XREALはこれまで、高性能なARグラスを展開し、ARグラス市場で4年連続シェア1位を獲得するとともに、自社開発比率65%という高い技術力を築いてきた。一方で、ARグラスは価格や導入のハードルから、一部のガジェットファンや開発者向けというイメージも残っている。

新たに立ち上げた「xbx」は、そうした状況を変え、より多くの人へARを届けるためのブランドだ。先端技術を日常の中で気軽に楽しめる存在へと広げることを目指し、「Just Play(つなぐだけで楽しめる)」をコンセプトに掲げる。複雑な設定を意識することなく、スマートフォンやゲーム機と接続するだけで大画面を楽しめる体験を若年層や初心者へ提供する。

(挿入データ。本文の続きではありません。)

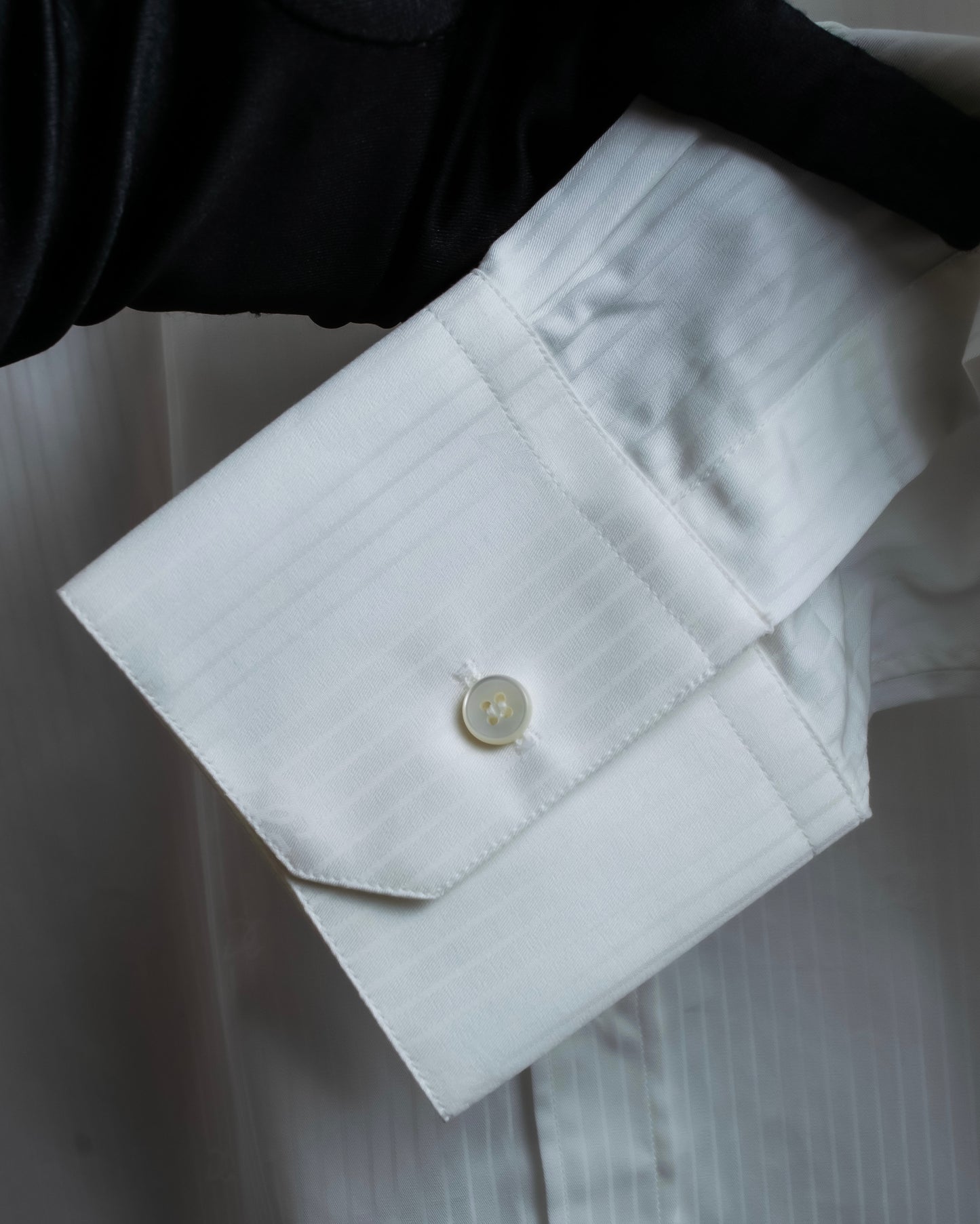 縦のラインを強調し、スタイリッシュな印象を醸し出すシャドーストライプ柄を全体に施しており、光の加減で柄が浮き上がる微光沢な表面感に仕上がっている為、インナーとしても1枚で着用した際も立体的な着こなしをお楽しみ頂けます。

第1弾となる「xbx a01+」は、その思想を形にしたエントリーモデルだ。価格を4万円台に抑えながらも、XREALが培ってきた光学技術や映像処理技術、自社開発チップによるAI機能などを受け継ぎ、ARグラスを初めて使うユーザーでも扱いやすい製品に仕上げた。

本体は光学シースルー方式を採用し、重量は約62gと業界最軽量クラスを実現した。前面のフロントフレームを取り外すと約56gとなり、AirPods Proに近い軽さで装着できる。素材や内部構造を見直したほか、カメラやバッテリーを搭載しないシンプルなテザード構造とすることで軽量化を実現した。

装着感にも配慮しており、ノーズパッドは接触面積を広げて鼻への圧力を分散。テンプル部分も滑りにくい形状とした。ベッドやソファで横になって映画を視聴する場面も想定し、枕にツルが当たりにくい設計を採用している。

接続はUSB Type-Cケーブル1本で完結するテザード方式を採用する。DisplayPort Alt Mode(DP Alt Mode)対応USB Type-C端子を備えたデバイスへ接続するだけで利用でき、複雑な初期設定は不要だ。本体にはバッテリーを内蔵しておらず、映像信号と電力供給は接続先デバイスが担うため、利用時は接続機器のバッテリーを消費する仕組みだ。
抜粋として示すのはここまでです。